My router usually says I'm connected at about 10.2, but I never get anything like that, more like 7.5 on a good day, I'd like to see how they could get me any more on the aged copper I'm at the remote end of, there's fibre to the next cabinet in town, but no indication as to when they're going to add fibre to the one I'm attached to
I get 400 kilobit at best over a copper last mile, and that I'm not remotely rural - 4 miles outside the M25. There's a fibre cabinet within a three minute walk, but my "last mile" apparently runs all the way back to the exchange on the other side of town. I don't know how true it is but I've been told that to connect to the cabinet I would have to be a BT broadband customer - no thanks, higher prices, worse service.
UK.gov policy slammed for not keeping pace with technology
Surely, no one is surprised that bureaucrats don't keep pace with the innovations in a particular market. This is jist of F.A. Hayek's "Knowledge Problem". No bureaucrat has ever had the necessary knowledge to consistently execute centralized command-and-control schemes for an economy, because that knowledge is highly distributed.
It's also the main reason why any attempts to closely regulate markets are quite idiotic. I know that's not a popular opinion at El Reg (and most anywhere else), but I don't see how anyone can complain that regulations don't keep pace with technology but then also complain that the solution to such gaps is more regulation.
I think I could live with 10MB. It's certainly better than the <1MB we used to get in my parents place in the countryside.
These days they have fibre (the whole village got together and paid for the install), but only pay for the lowest tier (20MB iirc), and for two elderly people, that's more than enough. Mostly all it's used for is pictures of the grandkids.
I'm on 10Mbs at work. Me and the rest of the company. And yes, we use that for bookkeeping, banking, research, documentation, mail, and government websites. It's going to be obsolete sometime in the next couple of months, because our providers are forcing us out of 10Mbs services. But unless downloading and playing high-bandwidth games becomes a human right, I don't predict a human-rights problem in the next couple of years.
I'm spoiled here... Verizon Wireless has almost blanket LTE, even rurally, *and* roaming off US Cellular (in my area, several dozen roaming networks nationwide) if I do lose service.

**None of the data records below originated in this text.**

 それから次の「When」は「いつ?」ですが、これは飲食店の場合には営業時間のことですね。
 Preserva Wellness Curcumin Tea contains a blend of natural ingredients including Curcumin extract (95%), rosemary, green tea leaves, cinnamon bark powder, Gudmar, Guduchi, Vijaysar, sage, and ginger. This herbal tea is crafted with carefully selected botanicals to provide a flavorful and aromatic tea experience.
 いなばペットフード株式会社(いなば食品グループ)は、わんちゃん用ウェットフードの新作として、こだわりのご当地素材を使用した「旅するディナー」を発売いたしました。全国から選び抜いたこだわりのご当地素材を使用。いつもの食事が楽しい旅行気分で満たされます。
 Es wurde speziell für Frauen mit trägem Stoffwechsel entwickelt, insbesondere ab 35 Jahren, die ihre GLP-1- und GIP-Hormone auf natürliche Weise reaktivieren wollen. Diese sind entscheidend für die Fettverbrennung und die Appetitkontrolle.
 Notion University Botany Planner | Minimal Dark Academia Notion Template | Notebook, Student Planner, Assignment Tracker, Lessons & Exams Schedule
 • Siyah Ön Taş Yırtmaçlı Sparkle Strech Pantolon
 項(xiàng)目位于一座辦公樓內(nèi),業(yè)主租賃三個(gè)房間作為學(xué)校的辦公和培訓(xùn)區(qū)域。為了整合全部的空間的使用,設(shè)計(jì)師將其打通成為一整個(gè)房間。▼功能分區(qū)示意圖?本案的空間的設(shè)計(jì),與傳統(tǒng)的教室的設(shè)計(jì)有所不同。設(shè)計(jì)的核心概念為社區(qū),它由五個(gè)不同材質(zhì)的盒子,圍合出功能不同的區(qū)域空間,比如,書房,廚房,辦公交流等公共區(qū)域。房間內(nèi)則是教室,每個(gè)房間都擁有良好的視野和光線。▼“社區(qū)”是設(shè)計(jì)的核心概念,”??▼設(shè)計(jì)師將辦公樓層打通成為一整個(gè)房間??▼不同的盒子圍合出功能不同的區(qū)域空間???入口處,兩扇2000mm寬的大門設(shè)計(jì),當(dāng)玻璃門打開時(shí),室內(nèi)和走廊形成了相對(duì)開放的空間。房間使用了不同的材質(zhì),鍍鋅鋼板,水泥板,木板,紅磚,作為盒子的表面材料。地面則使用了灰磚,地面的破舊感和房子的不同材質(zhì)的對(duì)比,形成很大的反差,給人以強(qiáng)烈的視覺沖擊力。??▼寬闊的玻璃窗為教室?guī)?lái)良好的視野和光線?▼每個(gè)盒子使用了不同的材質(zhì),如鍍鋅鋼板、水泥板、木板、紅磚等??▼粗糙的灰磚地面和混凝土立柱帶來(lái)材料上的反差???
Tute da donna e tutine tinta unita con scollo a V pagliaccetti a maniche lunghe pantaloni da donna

But, I wonder how much rural roaming would help? So you can roam if you lose service; this in no way means you can roam when your carrier has some rancid old 2G coverage while a roamer has nice 4G.

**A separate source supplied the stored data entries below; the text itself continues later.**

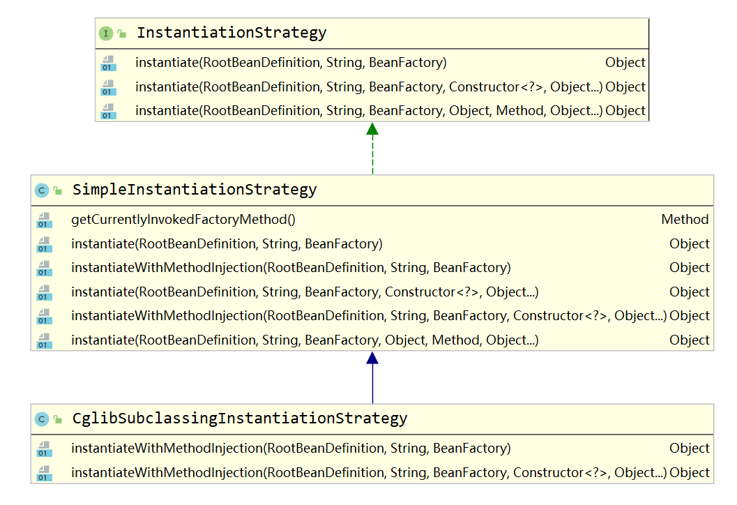 顶层的策略抽象非常简单,但是它下面有两种策略 SimpleInstantiationStrategy 和CglibSubclassingInstantiationStrategy,我们看一下类图: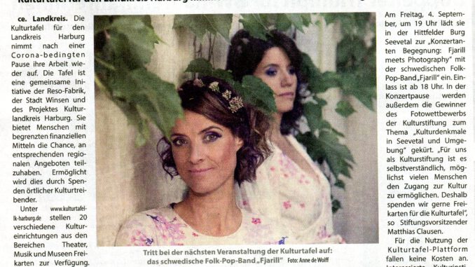 Die Kulturstiftung spendet 2 X 2 Karten für das Fjarill Konzert in der Burg Seevetal. Die Karten gibt es bei der Kulturtafel des Landkreises Harburg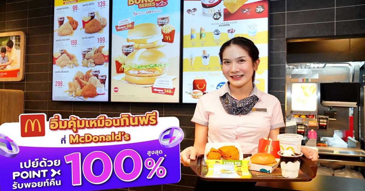 “PointX” (พอยท์เอกซ์) แพลตฟอร์มที่รวมทุกคะแนนสะสมไว้ในที่เดียว เปลี่ยนประสบการณ์การใช้และสะสมพอยท์แบบไร้ขีดจำกัดให้สามารถใช้พอยท์ได้เหมือนเงินสด ส่งแคมเปญเอาใจสายกิน “อิ่มคุ้ม ที่ McDonald’s” รับพอยท์คืนสูงสุด 100% เมื่อใช้ PointX สแกนชำระค่าอาหารและเครื่องดื่ม (รับพอยท์คืน 100% เฉพาะ 100 รายการใช้จ่ายแรกต่อสัปดาห์ จำกัดพอยท์คืนสูงสุด 1,500 PointX / ท่าน / รายการใช้จ่าย ) โดยครั้งนี้ PointX หวังเป็นอย่างยิ่งว่าแคมเปญนี้จะสามารถส่งมอบความสุขให้คนรักอาหารได้อิ่มคุ้มทุกมื้อกับ McDonald’s ตั้งแต่วันนี้ – 31 ธันวาคม 2566 สอบถามข้อมูลเพิ่มเติมได้ที่ SCB Call Center 02-777-7777 หรือเว็บไซต์ https://pointx.scb/mcdonalds-2023/ และสามารถดาวน์โหลดแอปพลิเคชัน PointX ฟรี ได้ที่ https://onelink.to/gqb7xm

I live in rural USA. I pay $79 per month for a landline (have to have it - lousy cell coverage) and a supposed 1.75Mbps, usually tests at about 1.25 actually. The "competitor" (everyone is supposed to pick from at least two providers, "competing") would offer internet and cable tv, at blistering speeds, but only if I PAY TO LAY THE CABLE, about $3,000, and pay over $100 per month after that. And that is after a complaint made to the FCC.